CONSTRUCTION – L’absence de réalisation d’une étude de sols par le maître d’ouvrage est-il une cause exonératoire de responsabilité des constructeurs en cas de survenance d’un dommage de type décennal ?
Cass.civ.3, 7 novembre 2024, 22-22793
Dans cette affaire, des désordres de nature décennale liés à l’inadéquation des fondations par rapport aux caractéristiques du sol, étaient apparus alors que le maître d’ouvrage avait délibérément choisi de ne pas réaliser d’étude de sols.

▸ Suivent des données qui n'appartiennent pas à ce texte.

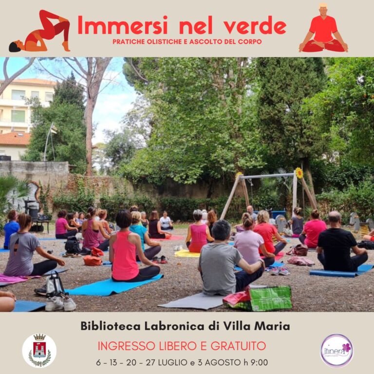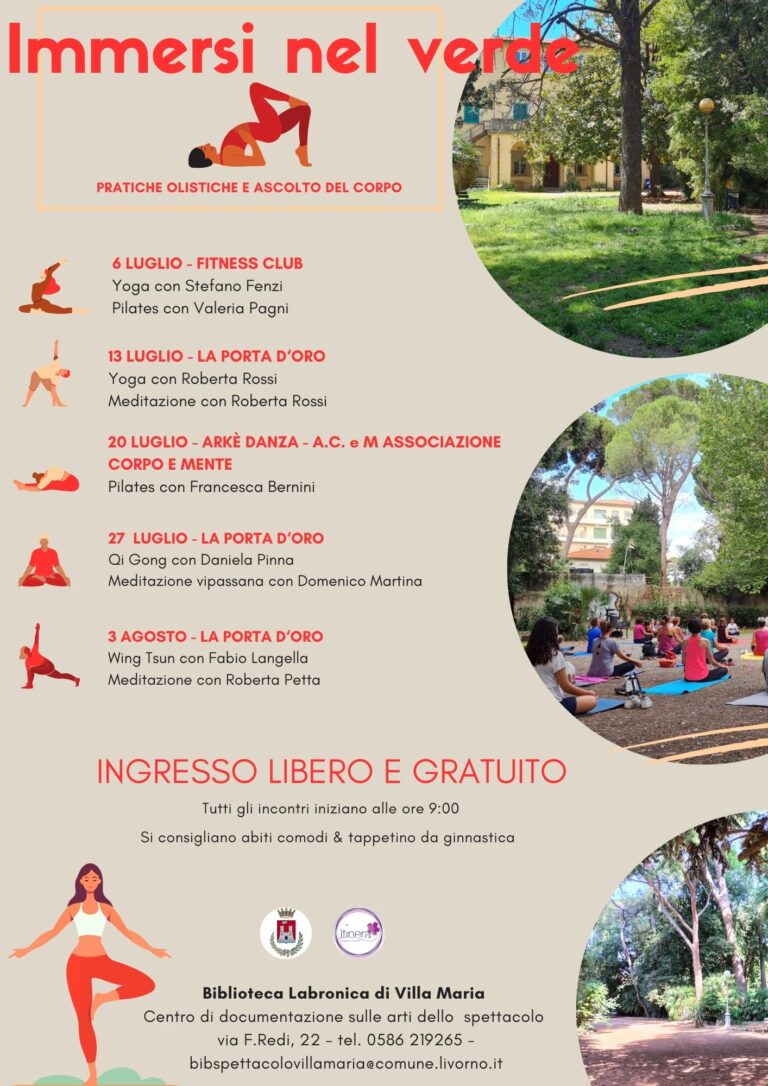 Anche quest’anno la Biblioteca Labronica sede di Villa Maria, Centro di documentazione sulle arti dello spettacolo, promuove gli incontri di pratiche olistiche all’aperto per ritrovare la connessione fra corpo e mente, nella calma e nel silenzio del parco: come scriveva Herman Hesse infatti, “gli alberi sono santuari. Chi sa parlare con loro, chi li sa ascoltare, conosce la verità. Essi non predicano dottrine e precetti, predicano, incuranti del singolo, la legge primigenia della vita”. Guidati da professionisti del settore, sotto l’ombra dei cedri del Libano o nell’area dove un tempo sorgevano i campi da tennis della villa, sarà possibile meditare e praticare insieme esercizi base di yoga, pilates e qi gong. Al quinto anno consecutivo gli incontri del sabato mattina, che avranno luogo dal 6 luglio al 3 agosto, sono a ingresso libero e aperti a tutti. Per partecipare si consigliano abiti comodi e tappetino da ginnastica.
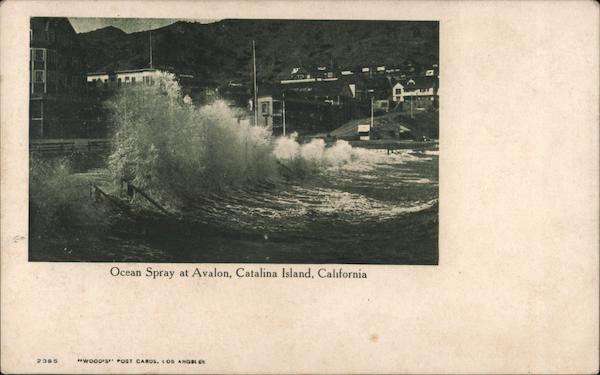 Front: 2385 PAL (13) "WOOD'S POST CARDS. LOS ANGBI EE Ocean Spray at Avalon, Catalina Island, California A Back: Sulle....... MC-06A 754 TWO CENTS
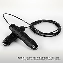 THE MOST COMFORTABLE HANDLES. Our jump rope handles are made of durable & comfortable EVA foam that provides a strong grip even after sweating for a long period of time. Burn calories, slim down and skip rope to your heart's content. EXTRA LONG JUMP ROPE. Adjustable plastic jump rope from 9.8 ft down to your desired length! All ages (Adults, Men, Women, Children, Kids, Boys and Girls) can use this jump rope. Just follow the sizing instructions included in the package. LIGHTWEIGHT & PORTABLE. This jumping rope is easy to carry and easy to bring outdoors or to your gym. Make the most out of your cardio or HIIT routines by adding 10 minutes of warmup with this jumprope and see the huge difference it can make! SMOOTH & EFFORTLESS SPINS. Our adjustable jump rope's unique ball-bearing system makes each jump smoother. This skipping rope is easy to untangle and flatten out after every use, making this perfect for both beginners and professionals. NEXT-LEVEL AEROBIC EXERCISES. This portable jump rope can be used for boxing, aerobic exercises, jumping, speed and agility training, jogging and other lower-impact activities. Improve your flexibility and core strength with skipping and jumping exercises.
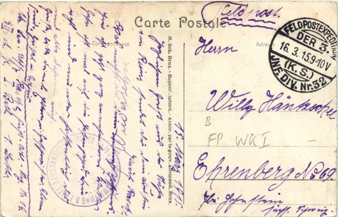 Antwerpen - Transport deutscher Truppen - Feldpost 3. Inf. Division Nr. 32 -470938
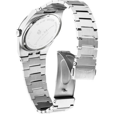 Diese Jacques du Manoir Uhr hat ein Edelstahl Gehäuse mit einem Durchmesser von 41 mm und ist mit einem Armband aus Edelstahl versehen. In der Uhr arbeitet ein Ronda Uhrwerk. Das Glas der Uhr besteht aus Mineral - Glas.
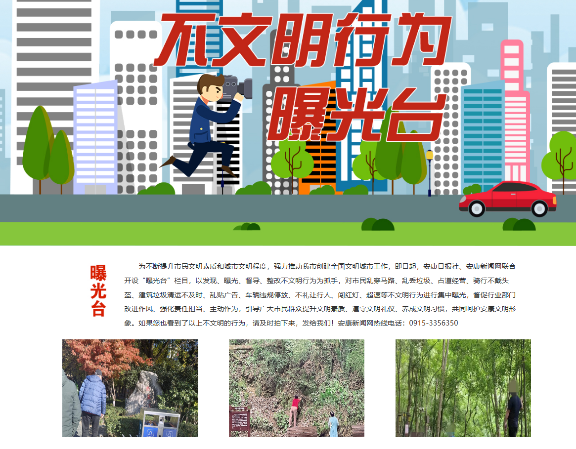 安康新聞網(wǎng)繼續(xù)充分發(fā)揮輿情監(jiān)測和輿論監(jiān)督作用,以高度負責(zé)的態(tài)度,及時監(jiān)測上報重大輿情信息。開設(shè)《不文明行為曝光臺》輿論監(jiān)督專欄,集中曝光身邊的不文明現(xiàn)象、行為,發(fā)布消息報道19篇,引導(dǎo)市民群眾自覺規(guī)范文明行為,主動融入城市文明創(chuàng)建熱潮,為提升市民文明素質(zhì)和城市文明程度貢獻媒體力量,體現(xiàn)地方黨媒的責(zé)任與擔(dān)當(dāng)。
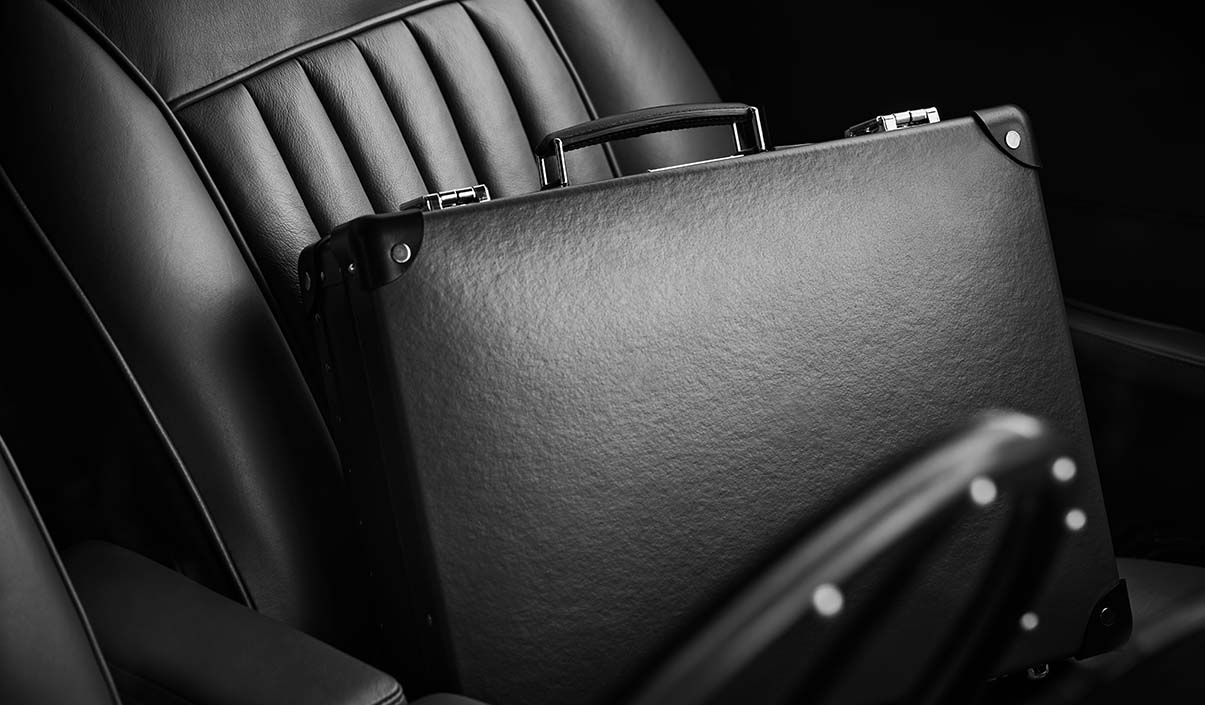 【復刻生産】2012年に発売された『007/スカイフォール』のキャリーオンスーツケースは、英国の気品に満ちた究極のマリアージュ コレクションです。 グローブ・トロッターを象徴するヴァルカン・ファイバーに、グレインレザーをあしらったオールブラックのボディ、クロームパーツのアクセント。 ライニングには、007の象徴的な銃口柄(ガン・バレル)をデザインしたジャカード織りのファブリックが施されています。
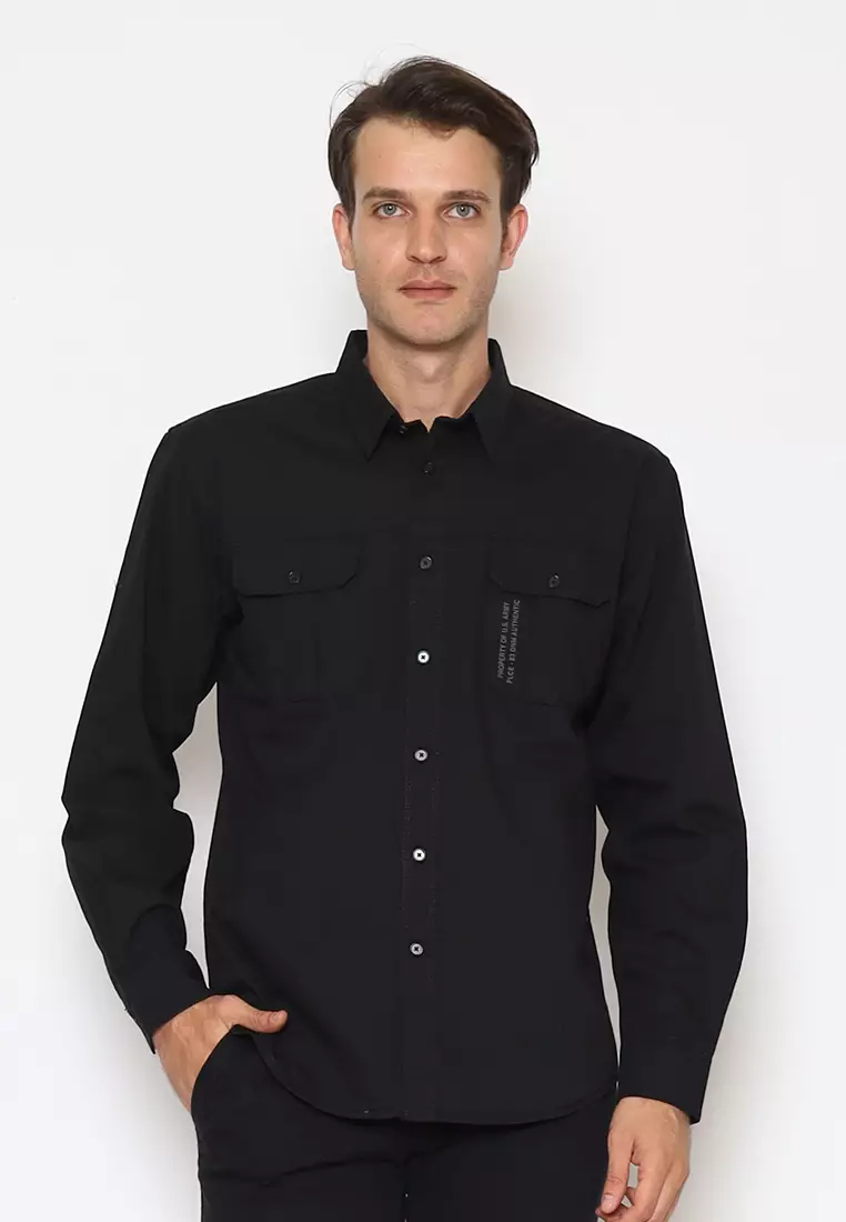 POLICE Kemeja Polos Cotton Twill Kantong Dua Hitam Regular Fit Lengan Panjang Pria
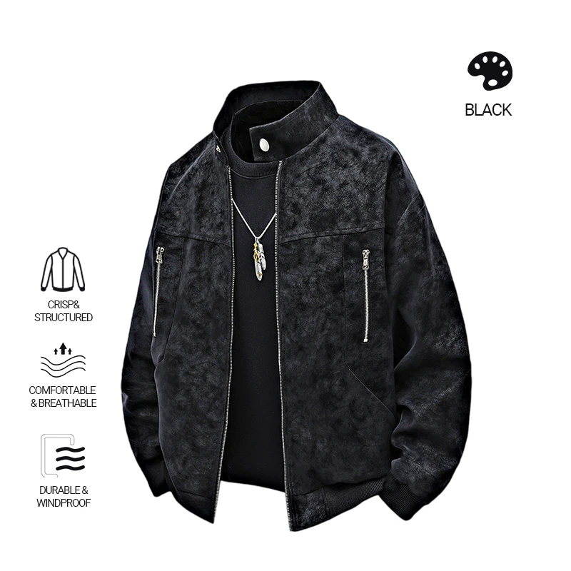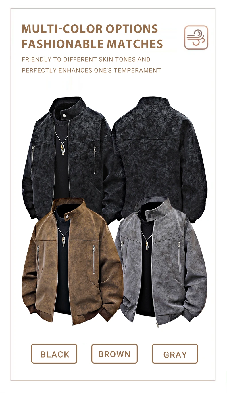Men clothing PU Leather Jacket for Men winter Fashion Stand Collar Vintage Style Loose Versatile Casual Tie-Dye Men’s Jackets

La question se posait de savoir si la responsabilité des constructeurs pouvait, comme le maître d’ouvrage ne manquait pas de le soutenir, être engagée sur le fondement des dispositions de l’article 1792 du code civil, malgré l’absence d’étude de sols.
Au visa de l’article 1792 du de code civil, la Cour de cassation retient :
« 29. Aux termes de ce texte, tout constructeur d'un ouvrage est responsable de plein droit, envers le maître ou l'acquéreur de l'ouvrage, des dommages, même résultant d'un vice du sol, qui compromettent la solidité de l'ouvrage ou qui, l'affectant dans l'un de ses éléments constitutifs ou l'un de ses éléments d'équipement, le rendent impropre à sa destination. Une telle responsabilité n'a point lieu si le constructeur prouve que les dommages proviennent d'une cause étrangère.
30. Constitue la cause étrangère, au sens de ce texte, l'acceptation délibérée du risque par le maître de l'ouvrage, qui exonère en tout ou partie les constructeurs de leur responsabilité tant à son égard qu'à l'égard de l'acquéreur.
31. Pour condamner les sociétés Axa et Alpha Insurance à indemniser les acquéreurs sur le fondement de la responsabilité décennale, l'arrêt retient que les intervenants à la construction de la villa et du mur de soutènement ne démontrent pas que les désordres avérés, de nature décennale, ont été provoqués par une cause étrangère.
32. En statuant ainsi, après avoir retenu que le maître de l'ouvrage avait pris le risque délibéré de ne pas faire réaliser d'étude de sol avant la réalisation des travaux malgré l'avis défavorable du contrôleur technique et que sa faute justifiait que son assureur, la société Lloyd's Insurance Company, ne soit garantie par les sociétés Axa et Alpha Insurance qu'à hauteur de la moitié des dommages, la cour d'appel, qui n'a pas tiré les conséquences légales de ses propres constatations, a violé le texte susvisé ».